The suspect was ninety-two, a widower, and living in Ipswich. “When we realised how old he was, we didn’t have the time to waste,” says Smith. “It was a full team effort.” In the period between the DNA match and Headley’s arrest, the team pored over every single one of the thousands original accounts and records.
For a while, it was like living in two eras. “Just looking at all the photographs, seeing an old lady’s house in 1967,” says Smith. “The witness statements. The way they describe people. Nowadays, it would typically be different. There are so many generational differences.”
Understanding the Victim
Smith felt she came to understand the victim, too. “Louisa was such a big character,” she says. “Lots of people were saying that they saw her on the doorstep every day. She was twice widowed, estranged from her family, but she remained social. She had a group of women who used to meet and gossip – and those were the women who realised something was amiss.”
Most of the team’s days were spent analyzing documents. (“Vast quantities of paperwork. It wouldn’t make compelling television.”) The team also spoke with the doctor, now eighty-nine, who had been at the crime scene. “He remembered every detail from that day,” says Smith. “He said: ‘I’ve been a doctor all my life and seen a lot of dead bodies but that’s the only one that had been murdered. That stays with you.’”
A Pattern of Crimes
Headley’s previous convictions seemed to leave little question of his guilt. After the 1967 murder, he had moved, and in the late 1970s he had pleaded guilty to raping two elderly women, again in their own homes. His victims’ harrowing statements from that earlier trial gave some insight into the victim’s last moments.
“He threatened to strangle one and he threatened to smother the other with a cushion,” says Smith. Both women fought back. Though Headley was initially sentenced to life, he challenged the verdict, supported by a mental health professional who stated that Headley was not behaving normally. “It went from a life sentence to a shorter term,” says Smith.
Securing Justice
Smith was there for Headley’s arrest. “I knew what he looked like, I knew he was going to be 92, and I also knew how compelling the proof was,” she says. The team feared that the arrest would trigger a health crisis. “We were uncovering the darkest secret he’d kept hidden for sixty years,” says Smith.

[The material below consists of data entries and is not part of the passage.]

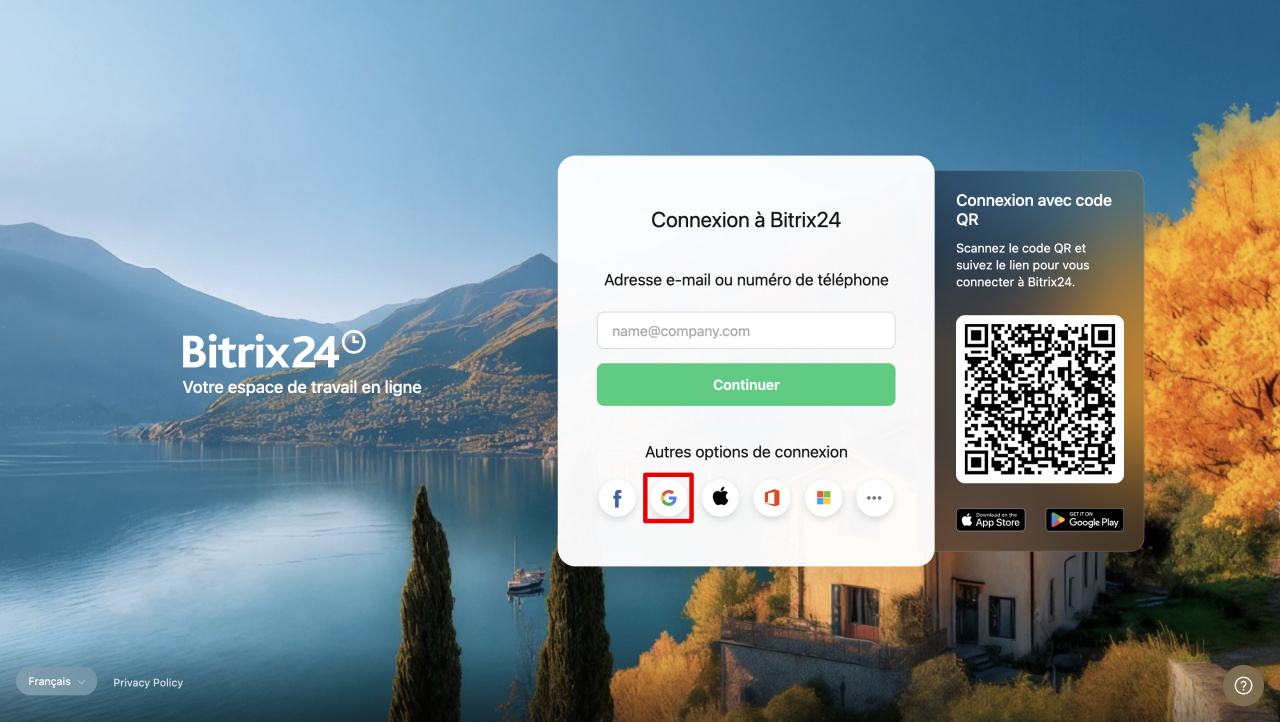 Vous pouvez accéder à Bitrix24 de plusieurs manières : avec un identifiant et un mot de passe, via les réseaux sociaux ou avec un code QR. Si vous utilisez la connexion via les réseaux sociaux, nous vous recommandons de configurer également un accès par identifiant et mot de passe. Ainsi, vous pourrez accéder à votre compte en cas de problème d'authentification via les réseaux sociaux.
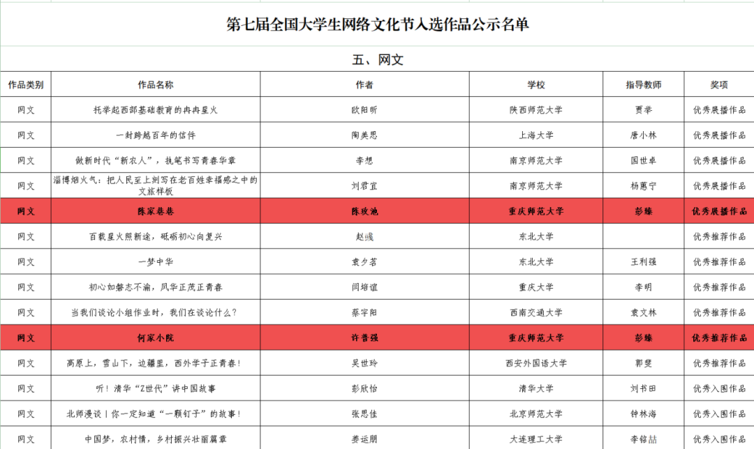 近日,教育部发布《关于第七届全国大学生网络文化节和全国高校网络教育优秀作品推选展示活动遴选结果的公示》,由拉斯维加斯9888官网文学院辅导员彭臻指导,陈玫池、许普强两名学生创作的作品《陈家巷巷》《何家小院》分别入选“优秀展播作品”“优秀推荐作品”。
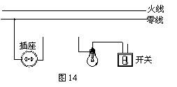 用笔画线代替导线,把带有开关的电灯、插座分别正确地接入图14所示的家庭电路中。
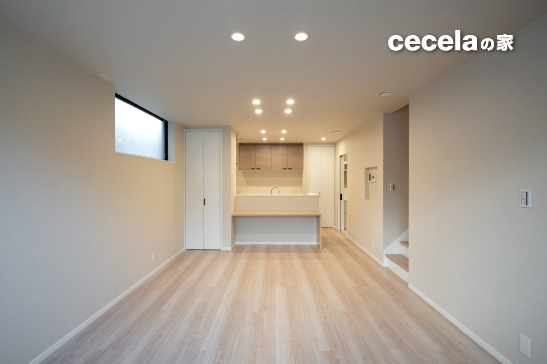 間取りは4LDK。1階LDKは18帖。広く設けた窓からたっぷり光が入る、陽当たりの良い空間です。

Yet everything was able to proceed. The trial took place, and the victim’s living relative had been contacted by specialist officers. “Mary had believed it was never going to be solved,” says Smith. For the family, there had also been a sense of shame about the nature of the crime.
“Rape is massively underreported now,” says Smith, “but in the mid-20th century, how many elderly ladies would ever tell anyone this had happened?”
Headley was told at sentencing that, for all practical purposes, he would remain incarcerated. He would spend his life behind bars.
A Lasting Impact
For Smith, it has been a unique case. “It just feels distinct, I don’t know why,” she says. “With current investigations, the process is very reactive. With this case you’re proactive, the urgency is only from yourself. It started with me trying to get someone to take some interest of that box – and I was able to see it through right until the end.”
She is confident that it is not the last resolution. There are approximately one hundred and thirty cold cases in the archives. “We’ve got so much more to do,” she says. “We have a number of murders that we’re re-examining – we’re constantly sending things to forensics and following other lines of inquiry. We’ll be forever unlocking the past.”